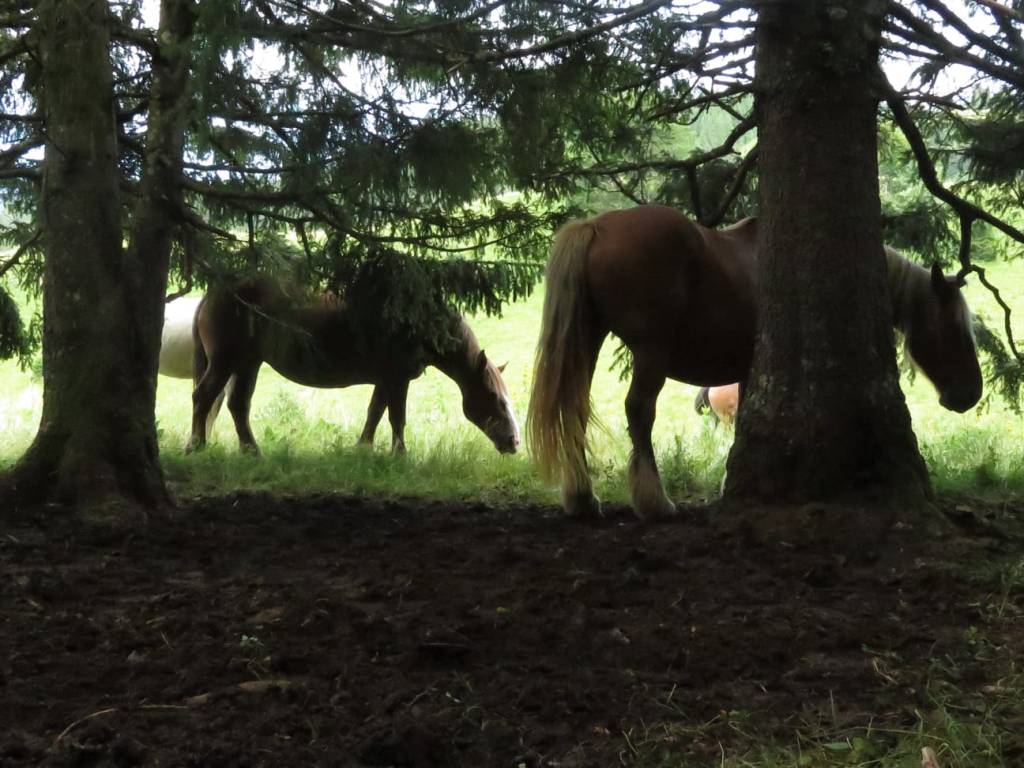 Les chevaux au Berbois vivent dans plusieurs prés d’une dizaine d’hectares, en tournant sans cesse pour qu’il n’y ait pas besoin de complémentation à la belle saison. Forêts, pentes, sols rocheux, combes en herbe, le terrain est très varié. De novembre à avril, il est nécessaire d’apporter du foin (bio, récolté à la Pesse) sur plusieurs semaines. Les pâtures d’hiver de 30 hectares permettent aux chevaux de continuer à brouter lorsque la neige n’est pas trop importante. Ainsi, ils continuent à se complémenter en fibres, essences d’arbres, petites plantes de montagne..
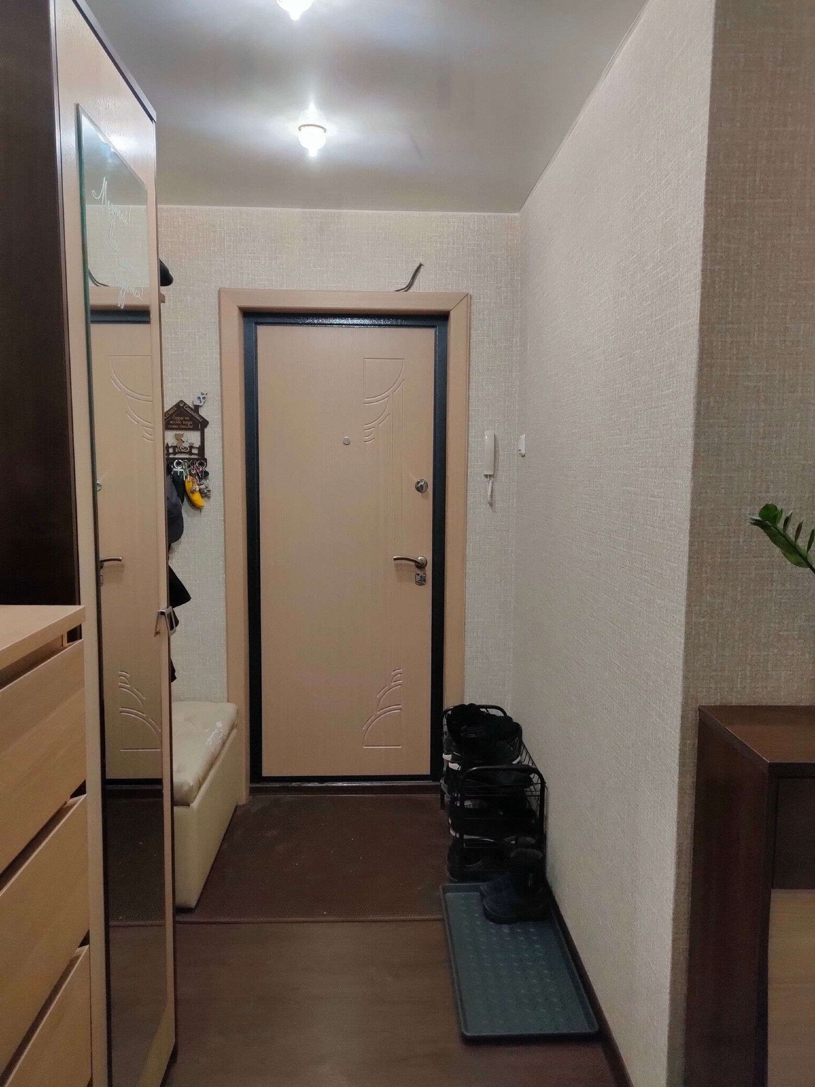 Квартира теплая, с удобной планировкой, дом кирпичный, окна - стеклопакеты, ванна в кафеле, натяжные потолки, на полу ламинат, хорошие межкомнатные двери. Качественная входная дверь. Лоджия 3,5 кв.м. Остаётся кухонный гарнитур, шкаф-купе в комнате (почти новый, установлен недавно), прихожая. В квартире не содержались животные.
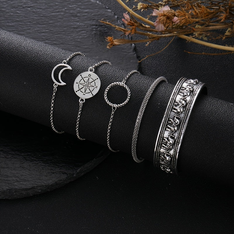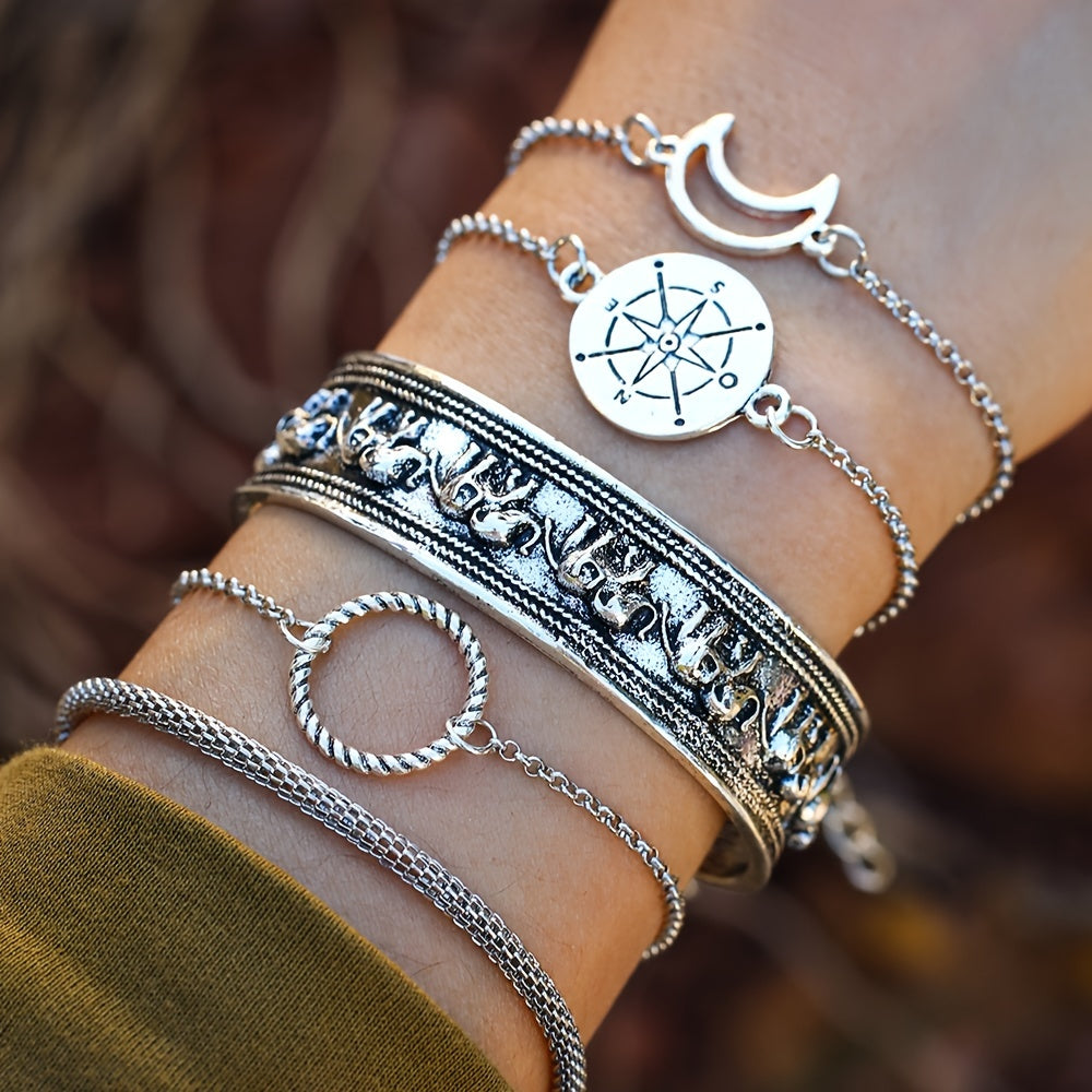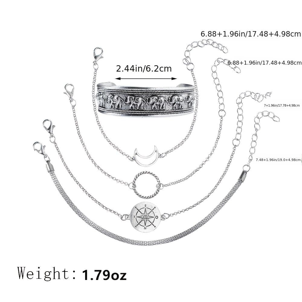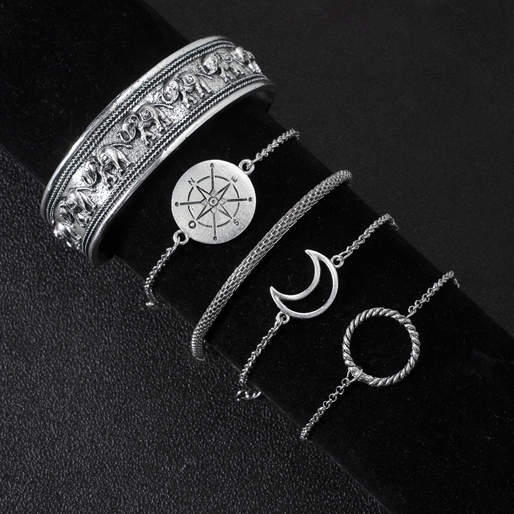 This set includes 5 pieces of bracelets featuring elephant metal relief open cuff bangle, mixed hollow moon & round shapes, and more. Make a statement with this layered bangle set.
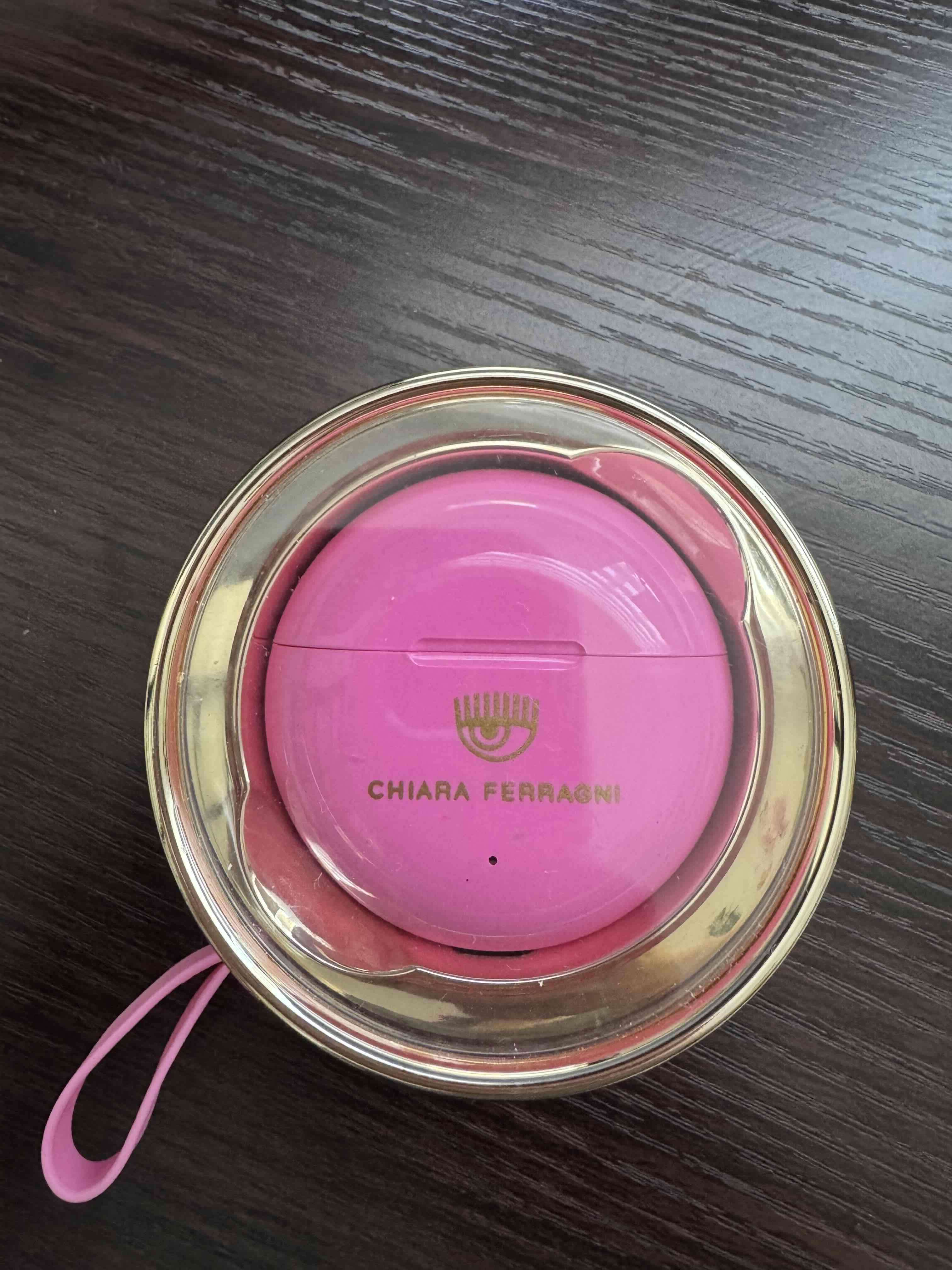 Audifonos circular rosa brillante de Chiara Ferragni. Elegante y práctico, ideal para maquillaje o accesorios pequeños.originales
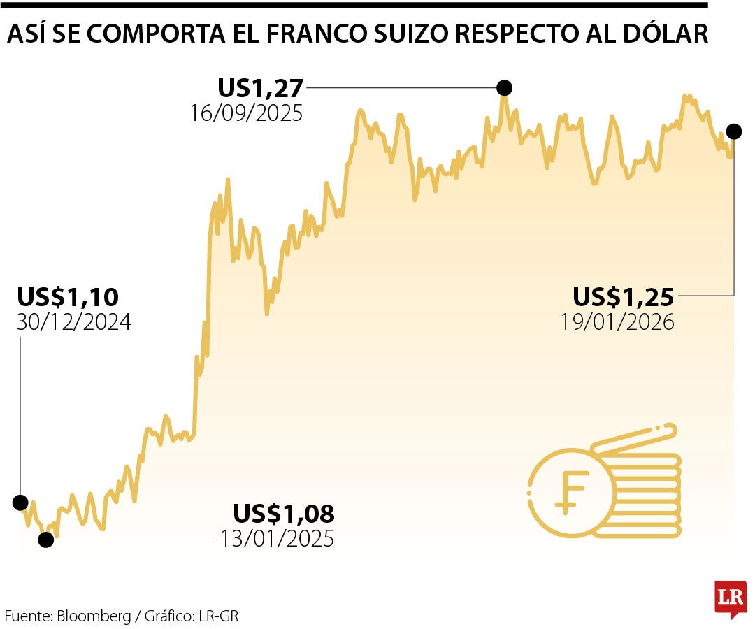 Los impactantes anuncios arancelarios de Trump en abril del año pasado impulsaron a los inversores a buscar más allá de la tradicional seguridad del dólar, lo que reforzó el atractivo del franco. Este impulso se intensificó tras el fin de semana, con el nuevo ultimátum de Trump sobre Groenlandia, que provocó la caída de activos de mayor riesgo, como las acciones, a nivel mundial, a la vez que desencadenó un repunte del oro.
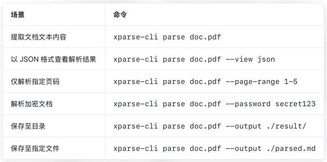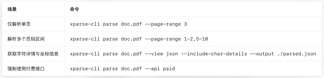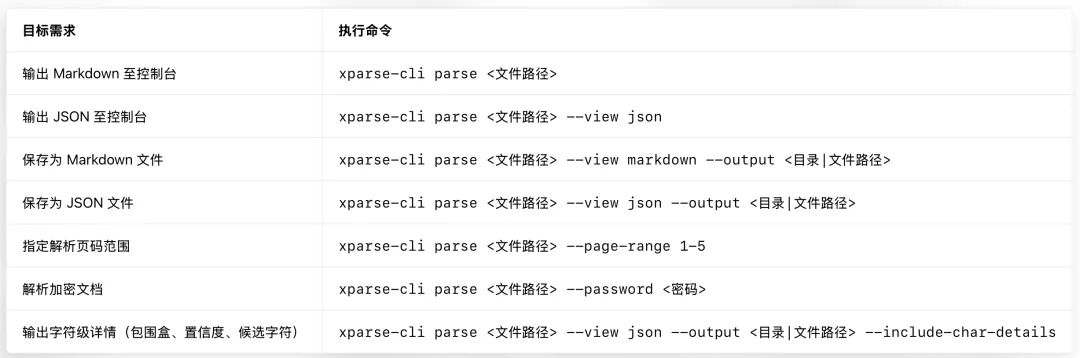 从场景上看,xparse-cli可以直接命令行调用完成输出Markdown/JSON至控制台、保存为Markdown/JSON文件、指定解析页码范围、解析加密文档、输出字符级详情(包围盒、置信度、候选字符)的那个场景。
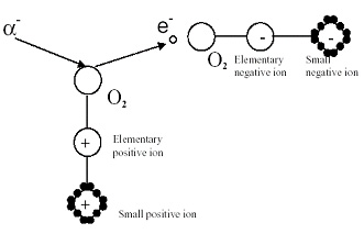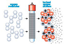OT(離子除臭方法)實際上是化學法的一種,其工作原理是指在常溫下,空氣通過高能離子發生裝置時,α顆粒撞擊中性的氧分子,使中性分子失去電子變成正極基本離子,而釋放的電子在瞬間與另一中性分子結合,形成負極基本離子。基本離子的兩極分化,發射出的高能量電子碰撞而形成分別帶有正、負電荷的氧離子(原理見下圖),并且各吸附10-20個分子形成離子群。因氧化氫、·OOH的催化作用,并且產生 O2、O2-、O2+、•OH、•HO2、•O、O等氧簇聚集體,具有極強的氧化能 力,因此我們稱其為“活性氧”。活性氧的氧化能力是氧氣的1000倍,我們把這些高能活性的氧離子稱為高能活性氧。
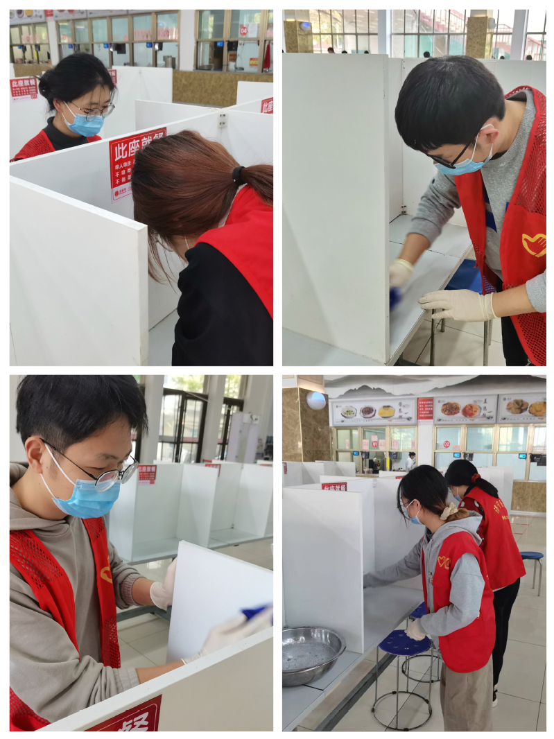 活动期间,志愿者们齐心协力、分工合作,擦除桌面油污,清理厨余垃圾、整理壁橱、清理垃圾污迹、清扫楼梯,不放过任何一个卫生死角,默默奉献,不怕辛劳,用实际行动改善餐厅就餐环境;同时号召同学们一起参与文明就餐,养成良好卫生习惯,他们的身影为校园增添了一抹“志愿红”,受到了广大师生的一致好评。
++++++++++
Using the data above, give again exactly the lines starting at the one holding "Квартира теплая, с" and ending at the one holding "Audifonos circular rosa", inclusive, and nothing more. Omit the pictures.

▶ _Output of the exercise_
 Квартира теплая, с удобной планировкой, дом кирпичный, окна - стеклопакеты, ванна в кафеле, натяжные потолки, на полу ламинат, хорошие межкомнатные двери. Качественная входная дверь. Лоджия 3,5 кв.м. Остаётся кухонный гарнитур, шкаф-купе в комнате (почти новый, установлен недавно), прихожая. В квартире не содержались животные.
 This set includes 5 pieces of bracelets featuring elephant metal relief open cuff bangle, mixed hollow moon & round shapes, and more. Make a statement with this layered bangle set.
 Audifonos circular rosa brillante de Chiara Ferragni. Elegante y práctico, ideal para maquillaje o accesorios pequeños.originales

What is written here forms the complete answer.